Robert Capa (born Endre Friedmann in Budapest, Hungary) was arguably the greatest photojournalist in history. As he was quoted as saying “if your pictures aren’t good enough, you aren’t close enough,” he spent most of his life in the frontline by carrying his Contax with him. A picture was worth a thousand words to make the world know the horrible scenes. Robert Capa’s famous 11 images of U.S. soldiers crawling onto Normandy Beach during World War II, documented a historic moment of D-Day.
Capa enrolled at Berlin University but couldn’t continue his study amid a collapse of the Hungarian economy. Then, he worked part-time as a darkroom assistant for income for the German photographic agency, Dephot. He entered on a photojournalism career when he published a photograph of Leon Trotsky, an exiled Soviet politician, giving an address in Copenhagen in 1932. Then he moved to Paris where he met and fell in love with Gerta Pohorylle, who later became his companion and professional partner.
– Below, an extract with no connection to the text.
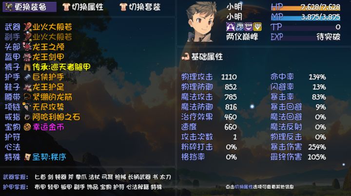 开加速从30版本更新就开始一天12小时肝,中间还经历了神妙改版,终于刷出来了个能让自己满意的套装。以下是不带任何队友时的面板以下是打桩测试算上接二连三的10%再释放,可以大概理解为333w每回合均伤算上再释放可以理解为大约366w回合均伤以下是在bug前提下的测试头换了个长者胡须,大概对伤害的提升在3%左右在三通档20%属性的加成下,小明单人无队友的属性来到了打桩伤害如下算上接二

He lived in poverty until he changed his name to the more American-sounding name, Robert Capa. Gerta Pohorylle created her own alias Gerda Taro in 1936. Under the aliases, they began to thrive as photojournalists and published their work at prices three times higher than before.
Capa earned reputation for his works during the 1936 -1939 Spanish Civil War. Capa and Taro risked their lives travelling from Madrid and to Segovia to capture the realistic scenes. It was during the war when Capa rose to stardom with the photo of a soldier shot down in Cordoba, Andalusia, now called “The Falling Solder.” However, in 1937, Taro died when she collided with a tank, and Capa was deeply shocked. He published his book “Death in the Making” containing the photo of “The Falling Solder,” paying a tribute to the deceased.
To forget sorrow, he travelled to China where he documented the Sino-Japanese war in 1938. For seven months in China, he abandoned himself to liquor, women and gamble. Then he was in a romantic relationship with “Pinky,” Elaine Justin, then married to another man, while working on “The Battle of Waterloo Road.” He wrote his war memoir “Slightly Out of Focus” after he became an American citizen in 1947.
After World War II ended, Capa became the lover of the actress Ingrid Bergman. She had a dentist husband and a daughter but fell for the charm of Capa who looked just like her father, a Bohemian photographer who died when she was 13. The relationship ended after two years.
In 1947, Capa founded the cooperative venture Magnum Photos in Paris with his colleague photographers. He travelled to Israel to report on the Middle East War. Then Life magazine asked him in 1954 to go on assignment to Vietnam, where the French had been fighting several years in the First Indochina War. Capa accepted the request although he decided not to work in war zones. To photograph the French army advancing against the enemy, he also passed through a dangerous forest area. He then stepped on a land mine and was killed. He was the first American journalist killed during the war in Vietnam.